Introduction: Box O' Light - Pocket Emergency or Reading Light

Picture of Box O' Light - Pocket Emergency or Reading Light

A simple LED light circuit contained in (what else) an altoids tin.

The light is switched on when the tin is opened (pics 1,3) and off when the tin is closed (pic 2).

This simple project was the result of my first foray into electronics, and is ideal for those with no experience who may be looking to get started with this brilliant hobby.

I originally made this with the LED's mounted on card, but will be rebuilding it using perfboard.

Step 1: You Will Need:

Picture of You Will Need:

You will need the following electronic components (Pic 1):
Five white LEDs. Came in Starter Pack, smaller versions (Pic 1) available here.
1 10 ohm resistor. Came in Starter Pack
1 AAA battery holder.
1 push-to-break switch. Ebay.
Insulated wires.

You will also need:
1 piece of perf board or card. (Pic 3)
1 Altoids tin or tobacco tin. (Pic 4) Poundland (Altoids tins no longer sold)
Electrical (insulated) tape.

And tools:
Wire strippers.
Soldering iron and solder.

All components and tools also available individually from
Pictured are brand new components, but I will be using the parts taken from the first build. Those parts are also pictured. To make things easier during the build process, I have made sure to trim the cathode (negative leg) shorter, just like in nature! (Pic 2)

Step 2: Prepping Parts

Picture of Prepping Parts

There are a couple of parts that need some modifications.

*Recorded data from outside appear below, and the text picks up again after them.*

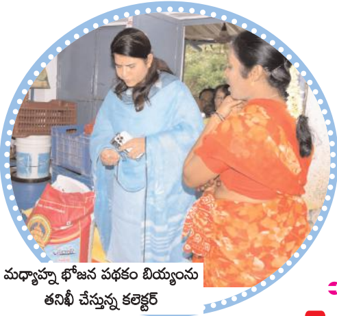
మధ్యాహ్న భోజన పథకం బియ్యంను తనిఖీ చేస్తున్న కలెక్టర్

నంద్యాల కలెక్టర్, మేజర్ న్యూస్ : నంద్యాల జిల్లా కలెక్టర్ రాజకుమారి పదవీ బాధ్యతలు చేపట్టిన వెంటనే అధికారులను, ఇతర శాఖలను ఆకస్మికంగా తనిఖీ చేస్తూ అధికారులను పరుగులు పెట్టిస్తూ... మరోపక్క ఆకస్మికంగా పాఠశాలలు, ప్రభుత్వ కార్యాలయాల తనిఖీ చేస్తూ హడల్ పుట్టిస్తున్నారు. శుక్రవారం నంద్యాలలో బస్టాండ్ ప్రాంతంలో ఉన్న ఎంతో పేరు
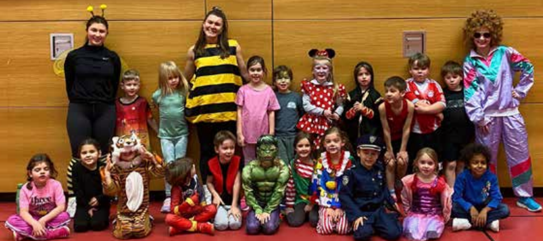
Fasching in der KiLa
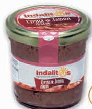
Crema de Jamón Curado
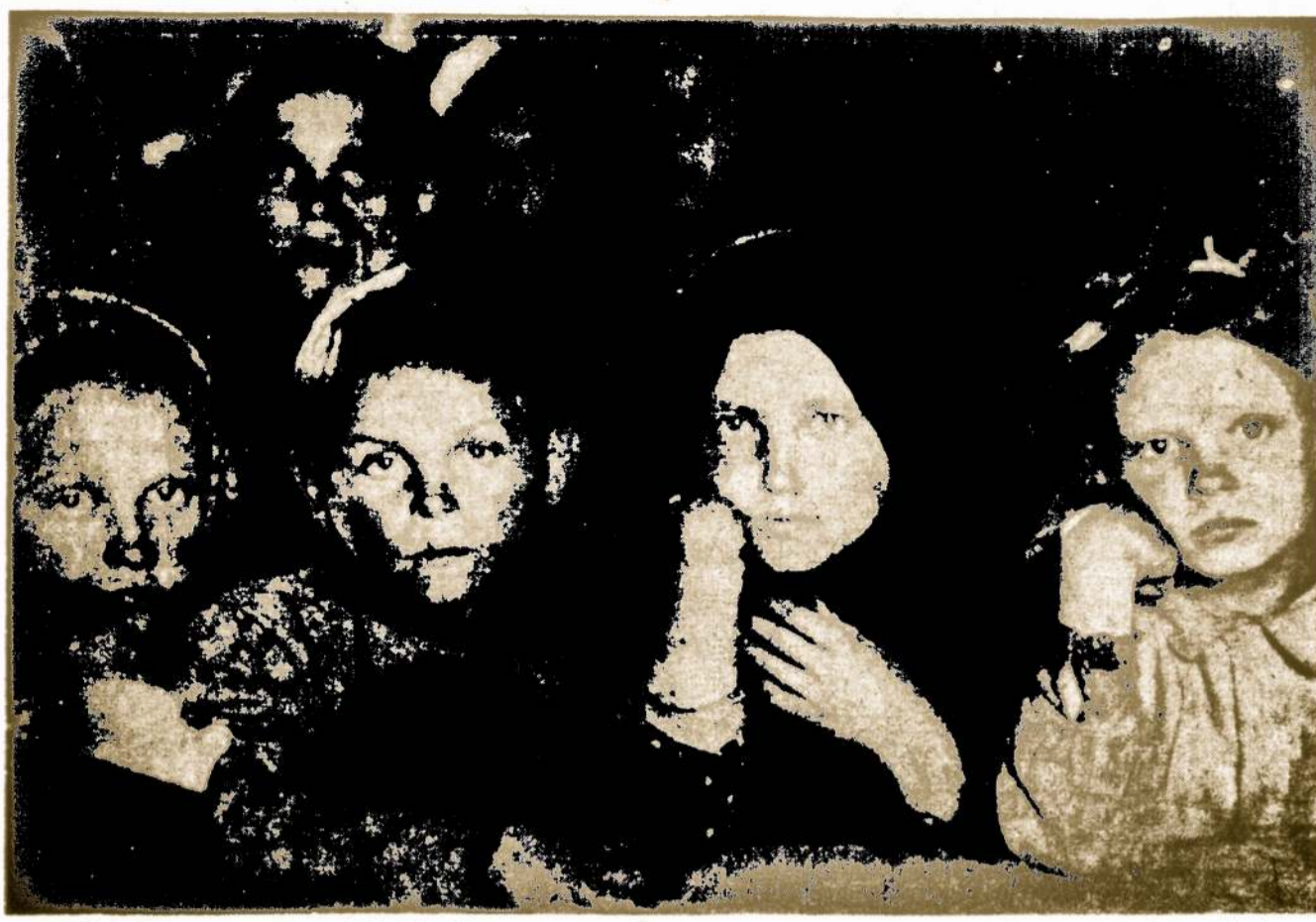
Grupė Lietuvi Našlaičių Vienoje Tremtinių Stovykloje Vokietijoje

First we're going to trim down the perf board to the size of your tin. (Pic 1) You can either use your wire trimmers - snip along a line of holes, generally a section will fly off with each snip - or grip along a line with your pliers and bend and twist a section off. This second method is faster and easier. Make sure that your board is big enough to comfortably seat your LED's and resistor, but leaves enough room for your switch at one end.

If you're using card, then trim it to the right size and poke holes for the LED's, make the holes a little smaller than the diameter of the LED, so that they hold tight in place. (Pic 2)

Next, you'll need to get the switch ready. The type I used is almost perfect, except that the connectors make it too tall for the tin, so we'll need to bend them to the side - use your pliers for this. (Pics 3, 4)

NOTE: My switch was faulty, such that if pressure wasn't applied, sometimes the LED's wouldn't light. I thought this was due to faulty wiring in the first iteration, but this build had the same problem, so I now know that it was the switch. I believe I may have damaged an internal connection when I bent the terminals. Proceed with care.

Step 3: Laying Out the Circuit (perf Board Version)

Picture of Laying Out the Circuit (perf Board Version)

Place your LED'S onto the perf board, (the legs need to protrude from the side with the copper). I put mine in a cross pattern, as on the 5 side of a die. Put your resistor on as well. (Pic 2)

Now bend the leads on the other side so that you can turn the board over without things falling out.

On the copper side, draw the circuit diagram on with pencil. (Pic 3) The diagram above was produced on EveryCircuit for Android (full version). (Pic 1)

The LED's are in parallel, so connect all cathodes (short legs) together, and all anodes (long legs) together, but don't connect short to long. The way I achieved this was by putting the top two and middle LED's cathode facing away, and the bottom two with the cathode facing towards me, and drawing connections around the outside and inside (this is easiest to see in the fully soldered image, Pic 4).

Connect the cathode of one LED to one side, doesn't matter which, of the resistor, and draw a connection from the other side of the resistor a short distance to where you will connect it to the battery and switch. Draw a similar connection coming off the anodes to a nearby point.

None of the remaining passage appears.